- **The problem**
Repeat the data in full and exactly. Leave the pictures out.

- **Given data**
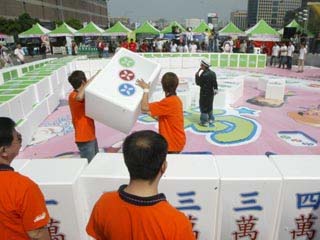 中新網(wǎng)10月9日電 臺北一家網(wǎng)絡麻將游戲公司今日舉辦了一場別開生面的超級大麻將比賽,參賽者必須使用90厘米長、60厘米寬及50厘米高的麻將一決勝負,第一名將獲得獎金新臺幣1萬元。
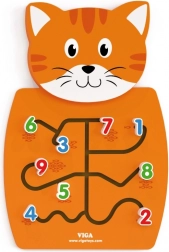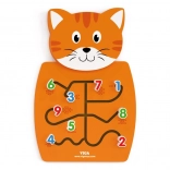 Drevená mačka s labyrintmi na pohyb čísel a rozvoj jemnej motoriky.
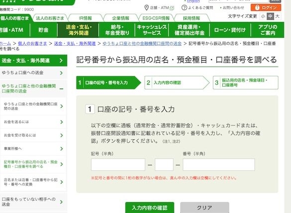 - ゆうちょ銀行の公式ウェブサイトへアクセス。

- **Response for this exercise**
 中新網(wǎng)10月9日電 臺北一家網(wǎng)絡麻將游戲公司今日舉辦了一場別開生面的超級大麻將比賽,參賽者必須使用90厘米長、60厘米寬及50厘米高的麻將一決勝負,第一名將獲得獎金新臺幣1萬元。
 Drevená mačka s labyrintmi na pohyb čísel a rozvoj jemnej motoriky.
 - ゆうちょ銀行の公式ウェブサイトへアクセス。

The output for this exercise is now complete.